Speculative LLM Inference on the 5th Gen AMD EPYC Processors with Parallel Draft Models (PARD) & AMD Platform Aware Compute Engine (AMD PACE)

Jul 23, 2025

Introduction

Auto-regressive language models process tokens sequentially and often face limitations due to memory bandwidth constraints. To address this, speculative decoding predicts multiple future tokens and verifies them in parallel, which reduces inter-token latency. Parallel draft models (PARD) technology, developed by AMD, further enhances speculative decoding by increasing the acceptance rate of predicted tokens, enabling large language models (LLMs) to achieve human-perceptible generation speeds on 5th Gen AMD EPYC™ processors.

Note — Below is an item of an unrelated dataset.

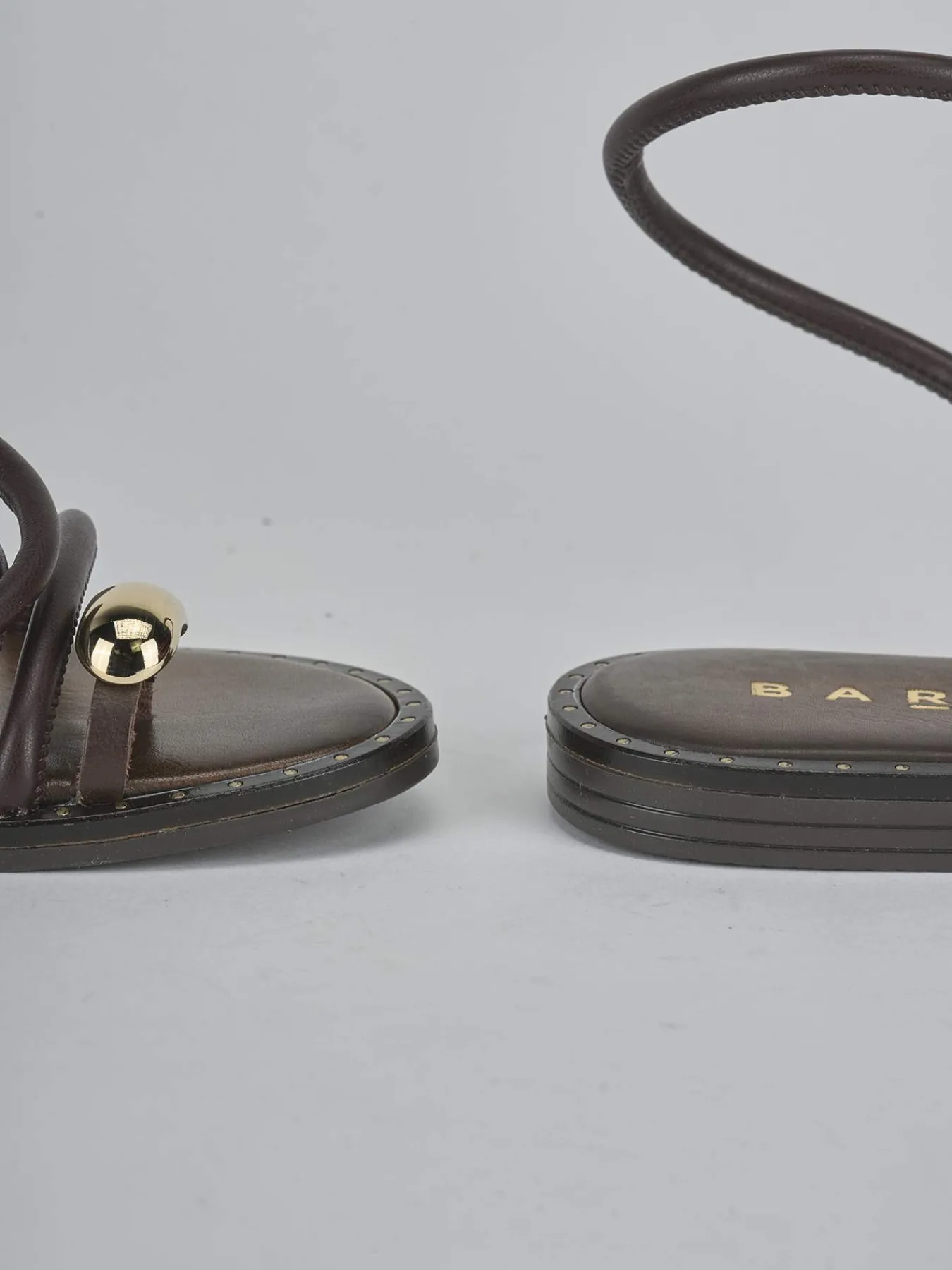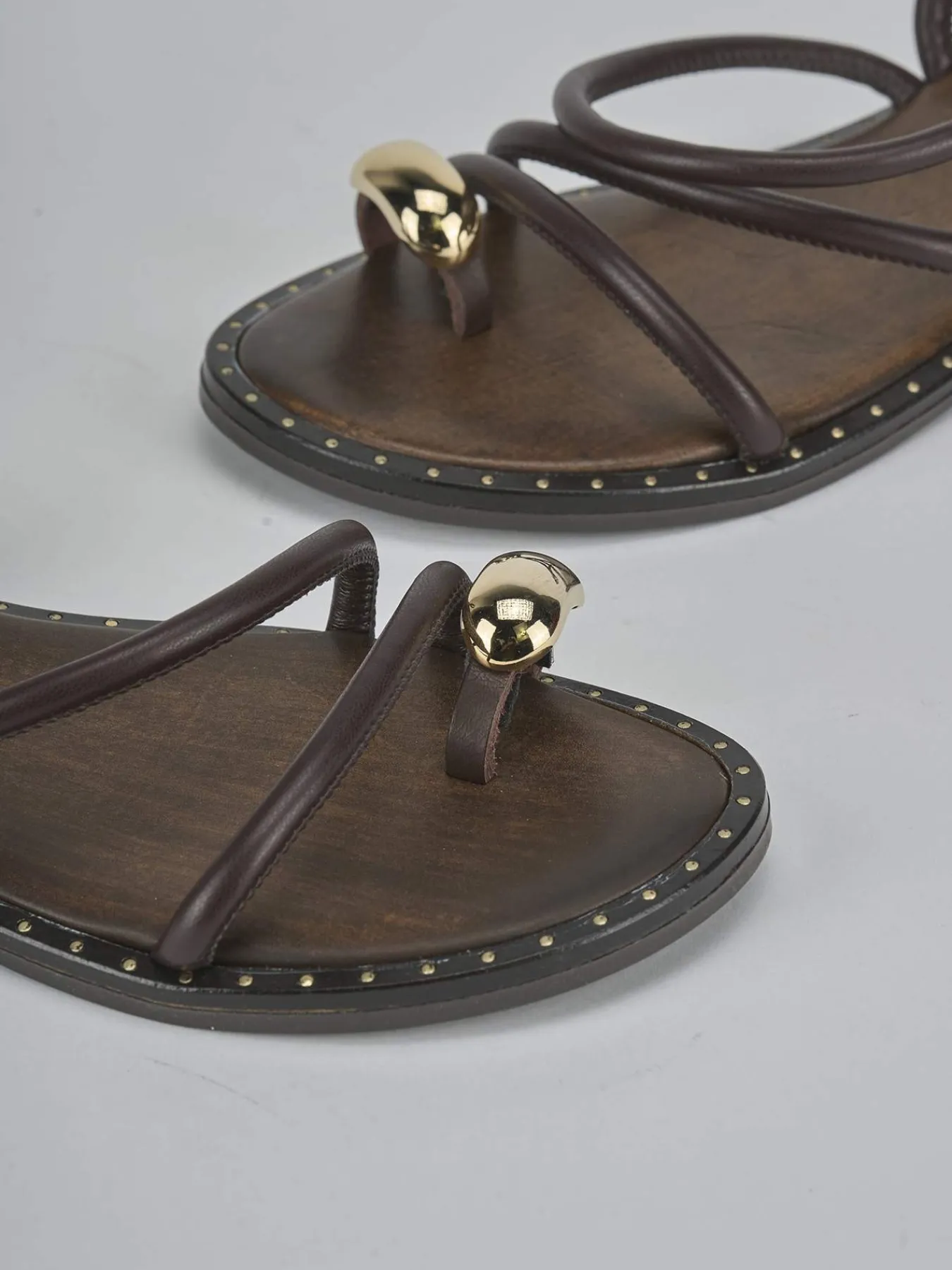 La tomaia è in morbida pelle, con una punta affusolata e un design infradito ad anello arricchito da un elegante accessorio.
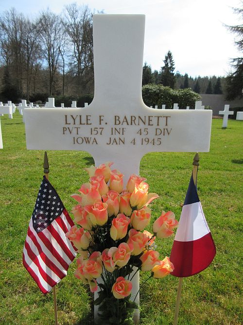 Pvt Lyle F. Barnett was a driver before he enlisted in Camp Dodge Herrold, Iowa on 19 April 1944.Source of information: Peter Schouteten, www.abmc.gov, www.wwiimemorial.com, www.archives.gov – WWII Enlistment Record, www.ancestry.com - Headstone and Interment Record / Iowa World War II Bonus Case Files / Fairbanks Talley Family Tree / 1940 Census, http://www.45thdivision.org, www.findagrave.com

AMD PACE (AMD Platform Aware Compute Engine) is a high-performance inference server with speculative decoding optimized for modern CPU-based servers. When combined with PARD, AMD PACE + PARD solution achieves a throughput of approximately 380 tokens/second on the Llama 3.1 8B model. Even with a batch size of 1, this allows multiple users to experience interactive, human-readable response times. AMD PACE is also set to be open-sourced soon.

In this blog, we will explore how PARD and AMD PACE work together to optimize inference performance for Transformer models, particularly in data center environments. We will discuss the technical underpinnings of these technologies, their integration with the 5th Gen AMD EPYC processor architecture, and the results of performance evaluations based on benchmark tests.

Technical Overview

Auto-Regressive Decoding

In auto-regressive decoding, each layer performs scaled dot-product attention using several parameters: batch size (B), number of attention heads (H), head dimension (D), and sequence length (n). For each new token, batched matrix multiplications (Query-Key and Attention-Value) are updated incrementally. However, this process often has low arithmetic intensity and is typically bottlenecked by memory bandwidth.

Speculative Decoding with PARD

Speculative decoding accelerates LLM inference, but speculative decoding often requires multiple draft model passes, which can introduce overhead.  PARD introduces a Parallel Mask Predict mechanism, enabling the draft model’s contribution in a single forward pass after minimal fine-tuning. This significantly boosts inference speeds for models like Llama 3 and Qwen. A single PARD-enhanced draft model can accelerate an entire family of LLMs, simplifying their deployment.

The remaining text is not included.